A Hope and Peace to End All Hope and Peace explores the cause and effect of arbitrary lines drawn by foreign powers in their fight to control the “Middle East.” It is an exploration anchored in Rushdi Anwar’s personal experiences and reflections as an indigenous member of Kurdistan, one of the world’s oldest and largest stateless nations.
An avid archivist of political intrigue and its popular souvenir, Rushdi’s artworks are history lessons unlike any sanctioned textbook. His practice focuses on particular historical occurrence, used as lens to extrapolate a broader geopolitical history of recurring violence not only across the “Middle East,” but similarly suffered by countless enforced migrants of conflict globally today.

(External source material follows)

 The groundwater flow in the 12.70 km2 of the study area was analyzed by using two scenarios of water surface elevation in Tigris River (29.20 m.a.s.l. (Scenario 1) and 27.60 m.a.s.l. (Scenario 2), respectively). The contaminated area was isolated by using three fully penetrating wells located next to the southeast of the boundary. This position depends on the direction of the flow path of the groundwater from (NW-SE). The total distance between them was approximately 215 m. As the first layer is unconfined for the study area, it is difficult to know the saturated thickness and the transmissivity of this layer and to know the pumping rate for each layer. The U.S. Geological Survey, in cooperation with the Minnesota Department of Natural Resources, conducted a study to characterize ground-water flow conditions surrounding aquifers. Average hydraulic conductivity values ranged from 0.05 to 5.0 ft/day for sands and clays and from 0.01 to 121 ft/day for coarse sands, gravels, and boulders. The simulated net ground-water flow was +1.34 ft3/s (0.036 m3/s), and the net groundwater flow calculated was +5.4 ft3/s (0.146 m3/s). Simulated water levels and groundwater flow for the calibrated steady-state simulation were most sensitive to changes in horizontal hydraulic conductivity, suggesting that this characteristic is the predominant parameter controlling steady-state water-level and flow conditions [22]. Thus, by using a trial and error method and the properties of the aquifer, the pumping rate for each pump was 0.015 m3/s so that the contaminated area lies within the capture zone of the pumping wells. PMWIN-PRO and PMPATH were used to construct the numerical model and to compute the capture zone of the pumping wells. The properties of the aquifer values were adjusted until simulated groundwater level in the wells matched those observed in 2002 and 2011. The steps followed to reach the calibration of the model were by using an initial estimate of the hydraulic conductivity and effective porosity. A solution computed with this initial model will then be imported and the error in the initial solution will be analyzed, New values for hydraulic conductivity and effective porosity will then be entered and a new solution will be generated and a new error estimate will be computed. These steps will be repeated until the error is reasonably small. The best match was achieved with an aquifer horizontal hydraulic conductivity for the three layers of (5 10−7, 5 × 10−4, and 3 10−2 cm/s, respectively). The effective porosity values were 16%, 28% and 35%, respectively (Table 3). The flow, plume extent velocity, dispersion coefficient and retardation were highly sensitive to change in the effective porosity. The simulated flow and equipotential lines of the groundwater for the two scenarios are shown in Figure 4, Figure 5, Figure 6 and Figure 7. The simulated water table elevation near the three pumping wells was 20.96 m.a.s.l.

Three key subjects are central to this solo show. Firstly, the “Sykes-Picot Agreement” of 1916, a colonial document designed by Britain and France that senselessly divided this “Middle East” into a continuing oil-fuelled chaos. Secondly, the human agents that History debates as the champions of Kurdish sovereignty: from Ezidi Mirza (1600-1651), a Yazidis military hero who challenged the Ottoman Empire; Sheikh Mahmud Barzanji (1878-1956), a much-loved “King” and bane of the British Empire’s desire to control Kurdish territory; to Hoshyar Byawelaiy, a Kurd committed to the single-handed demining of Kurdish land today. Thirdly, the mimicry of colonial methodologies of terror—from British propaganda to Saddam Hussein to ISIS campaigns—a landscape suffering mass displacement and destruction that continues to be ravaged by proxy wars and religious extremism.

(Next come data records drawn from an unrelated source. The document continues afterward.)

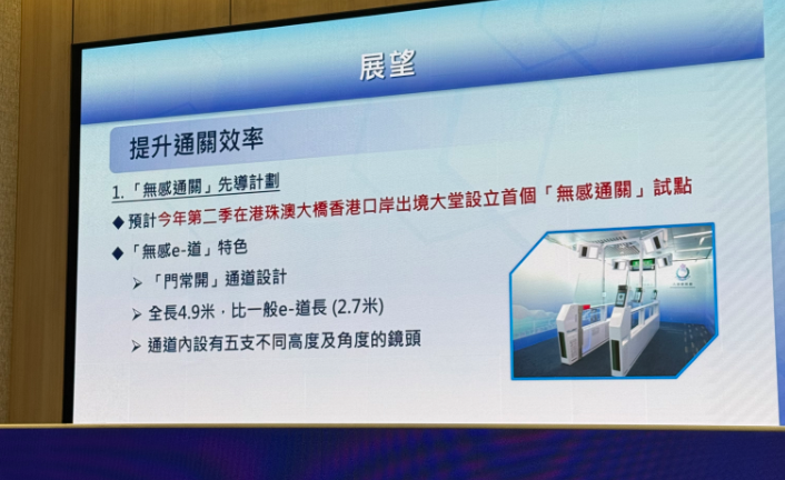 入境處介紹,「無感通關」先導計劃預計今年第二季推出,並將在今年第二季於港珠澳大橋香港口岸出境大堂設立首個「無感通關」試點。「無感e-道」將採用「門常開」通道設計,全長4.9米,比一般e-道(2.7米)長,通道內設有五支不同高度及角度的鏡頭,系統拍攝使用者容貌與入境處資料庫作即時比對,身份核實後便完成出境手續。
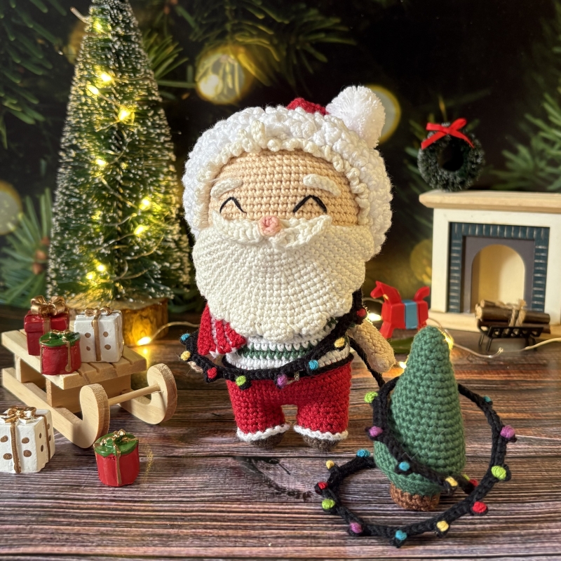 The PDF file will be available for download immediately after purchase. This pattern contains a detailed description of how to crochet Santa with his Christmas tree and light garland, with photos, as well as a list of the necessary materials and yarn.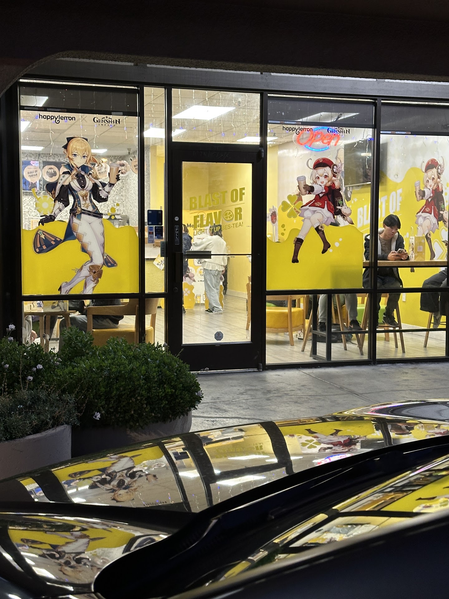 Happy Lemon service & ambiance: Yellow color scheme (of course) with mobile chairs makes for plenty of seating room if staying in. The staff was friendly and they were extremely efficient and quick with getting our 5 drinks order out to us. The flat screen displays the drink orders currently in production and gives real time updates of when the drinks will be finished. I'm a huge fan of real time metrics and I love this service at Happy Lemon.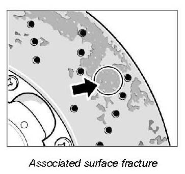 1. Friction area surface after normal brake load in road use. No surface fractures.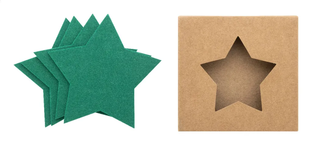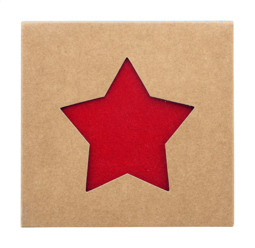 Set od 4 božićna podmetača u obliku zvijezde od RPET filta. U kutiji od kraft papira.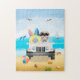 shih tzu Dog Driving on Beach Jigsaw Puzzle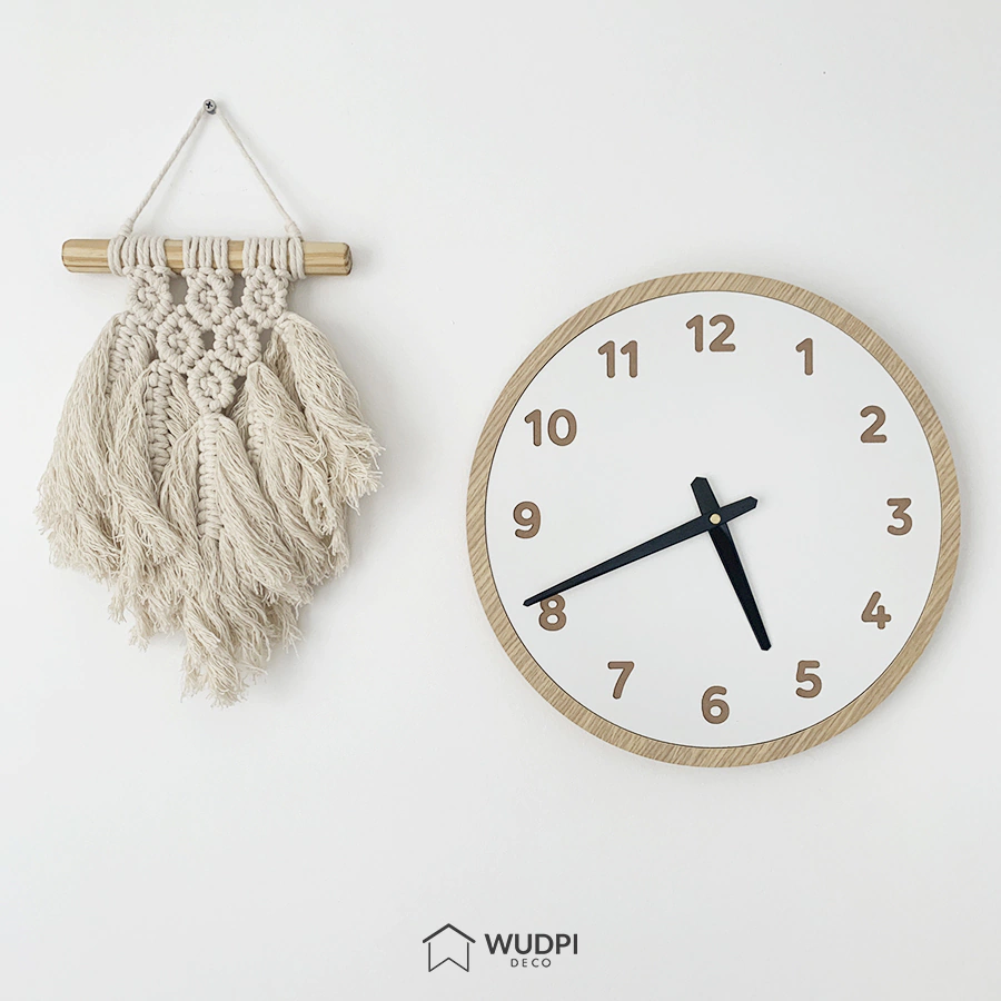 Los relojes big son de mdf con terminación en roble americano en los bordes y enchapado en blanco. Son los relojes más grandes que hacemos y son una bomba!!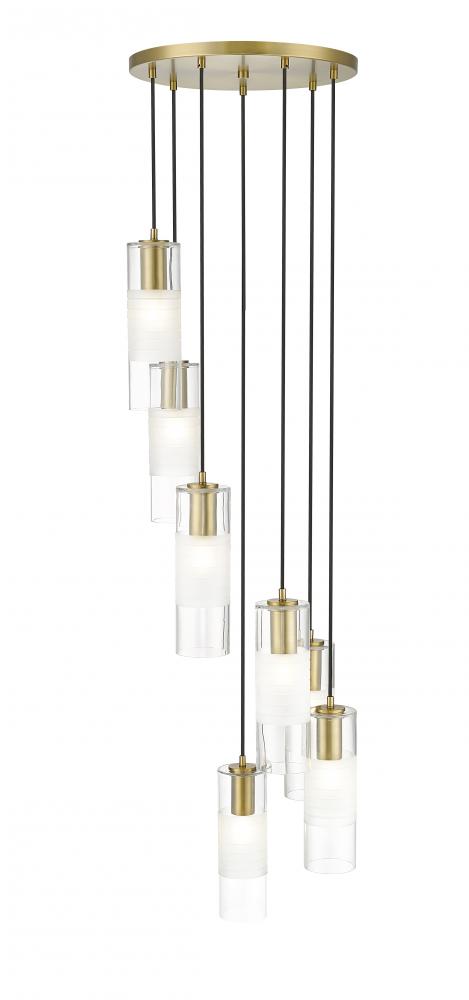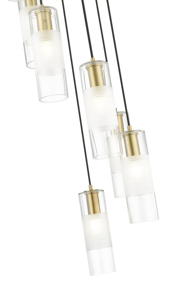 A simple spiral of lights creates a compelling silhouette for a modern seven-light chandelier. From the Alton collection, its a refined, substantial fixture, pairing artisan clear and d frosted shades with robust housings to create a sense of detail that enhances without overwhelming. A modern gold finish is warm and timeless, beautiful over a welcoming foyer or dining table.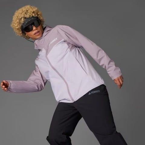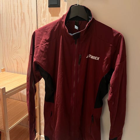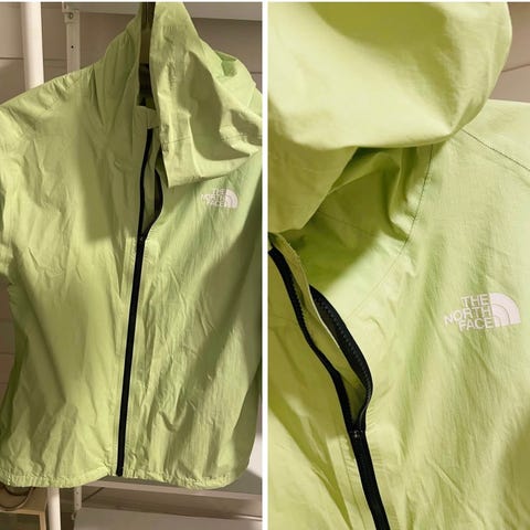 Pent brukt regnjakke med hette og liten lomme - materialet er veldig lett, vil si det er mer regn-beskyttende enn regntett. Passer perfekt til løping i lett regnvær eller yr

The sculptures, installations, sounds and moving images in this exhibition investigate these occurrences, embracing such materials as hand-woven rugs, archival photographs and historical texts, brass masonry, colonial carpentry, hand-touched prints, molten-bomb utensils, filmic documentary, historical radio propaganda and more.
The exhibition focuses on the plight of the “Middle East,” understanding the colonial mechanizations that have shaped its current condition are parallel to the history of Southeast Asia, a region that continues to endure the ramifications of the Colonial Empire and its desire to divide, conquer and exploit.